Please reproduce the listing verbatim, without its images.

──────── Information shown ────────

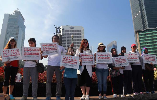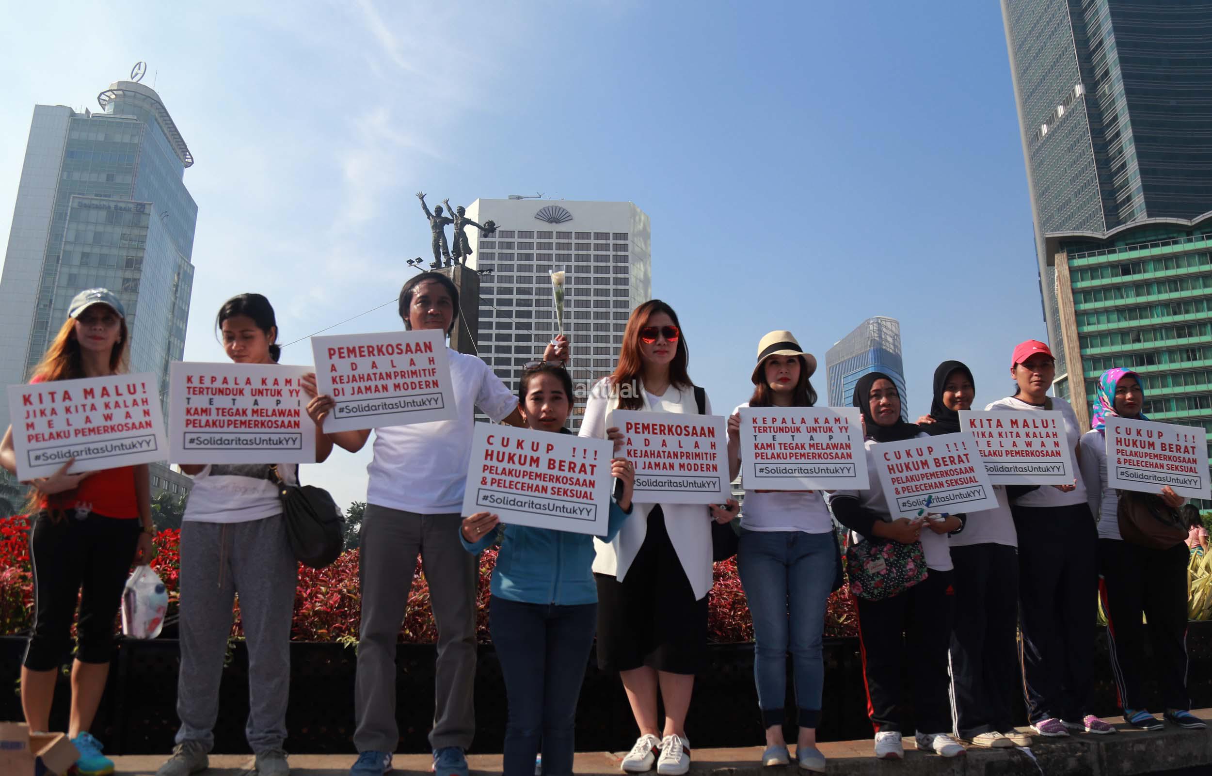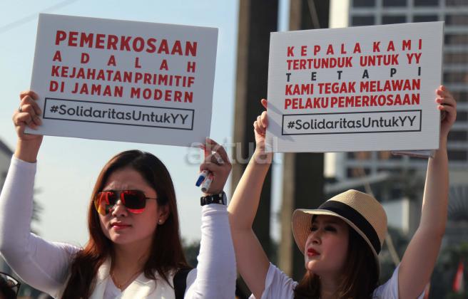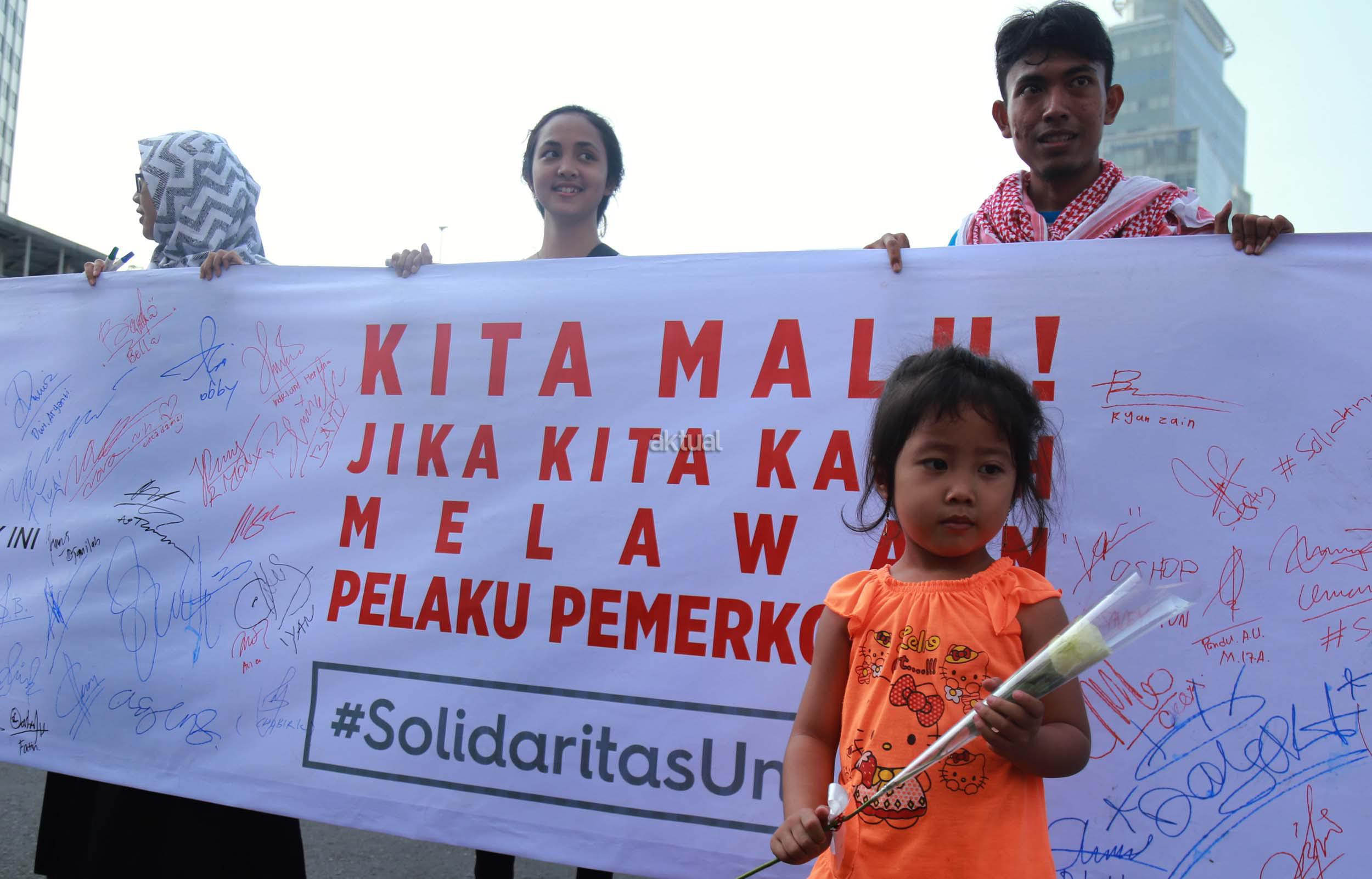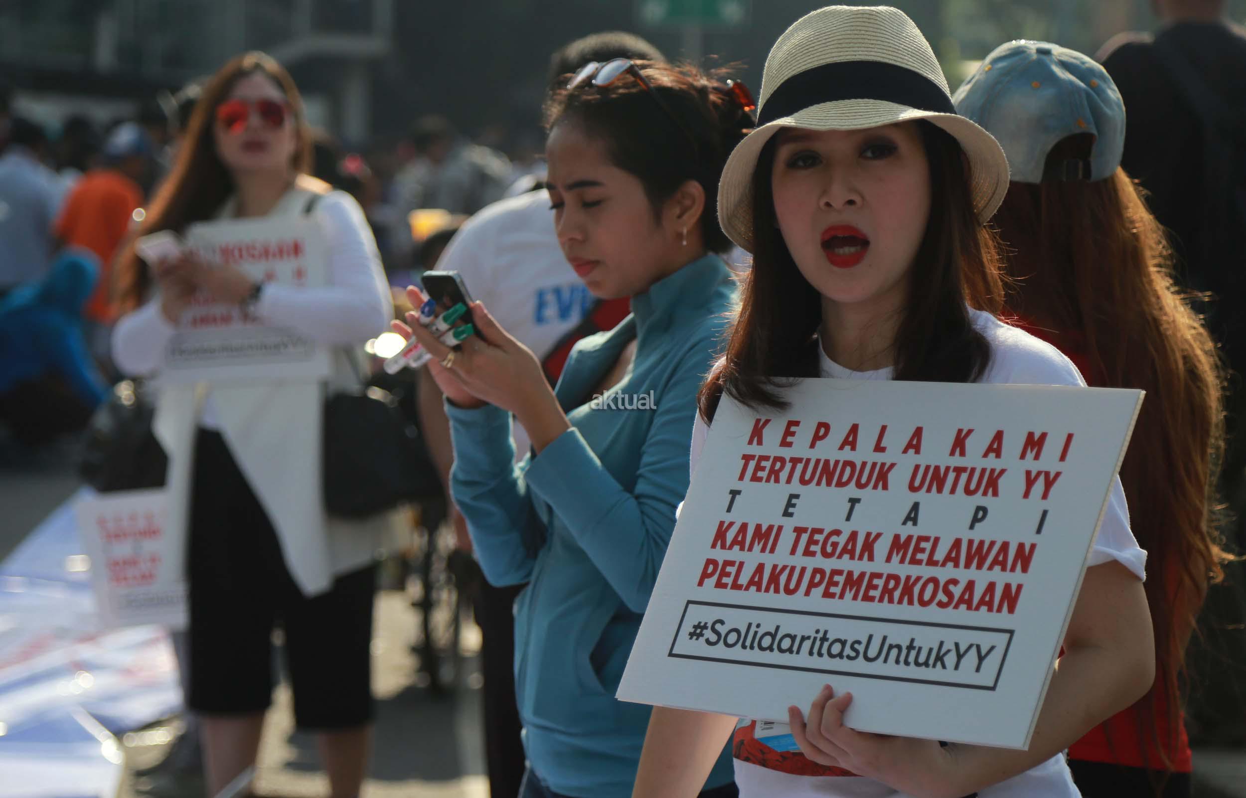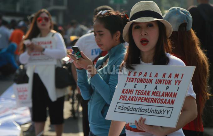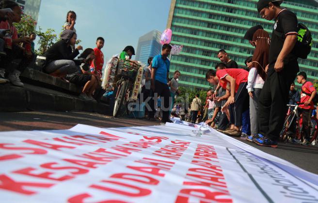 Aktivis menggelar aksi solidaritas untuk Yuyun disela car free day di Bundaran HI Jakarta, Minggu (8/5/2016). Pada kegiatan itu, pengunjung menandatangani spanduk sebagai bentuk kekecewaan atas kekerasan seksual yang menimpa Yuyun.
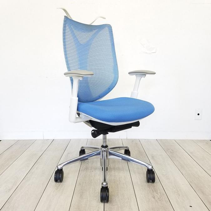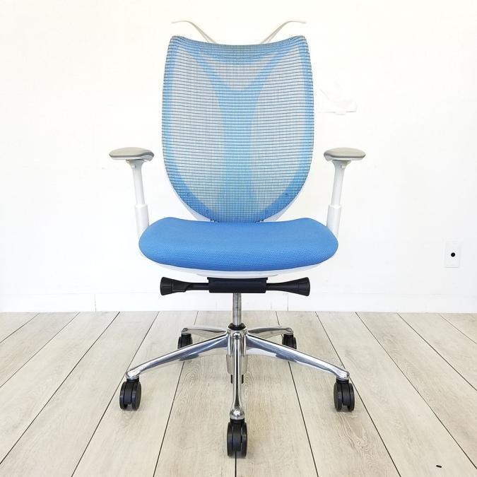 【2脚入荷】流れるような美しいフォルム「サブリナ」入荷!中古 オフィスチェア 高級チェア メッシュチェア テレワーク 在宅ワーク オカムラ ライトブルー アジャストアーム 前傾- 豊中・尼崎店
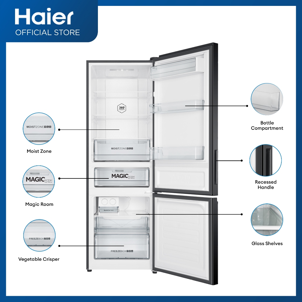 Haier HRF-IVB338VN (BG) 10.31 cu.ft./292L No Frost Twin Inverter Two Door Refrigerator (Black Glass)
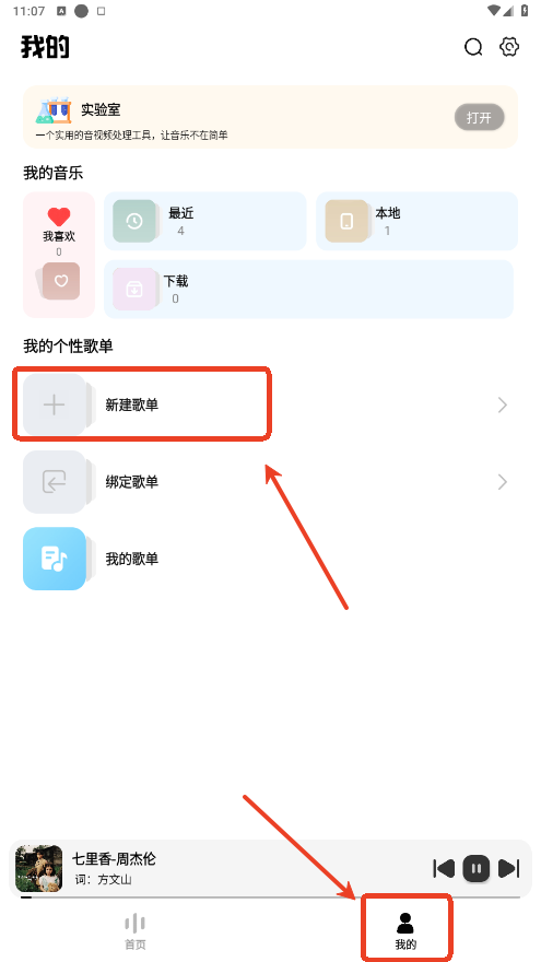 点击“我的”界面,可以创建个人歌单,添加自己喜欢的歌曲,方便以后快速播放。

────────

- _Problem solution_
 Aktivis menggelar aksi solidaritas untuk Yuyun disela car free day di Bundaran HI Jakarta, Minggu (8/5/2016). Pada kegiatan itu, pengunjung menandatangani spanduk sebagai bentuk kekecewaan atas kekerasan seksual yang menimpa Yuyun.
 【2脚入荷】流れるような美しいフォルム「サブリナ」入荷!中古 オフィスチェア 高級チェア メッシュチェア テレワーク 在宅ワーク オカムラ ライトブルー アジャストアーム 前傾- 豊中・尼崎店
 Haier HRF-IVB338VN (BG) 10.31 cu.ft./292L No Frost Twin Inverter Two Door Refrigerator (Black Glass)
 点击“我的”界面,可以创建个人歌单,添加自己喜欢的歌曲,方便以后快速播放。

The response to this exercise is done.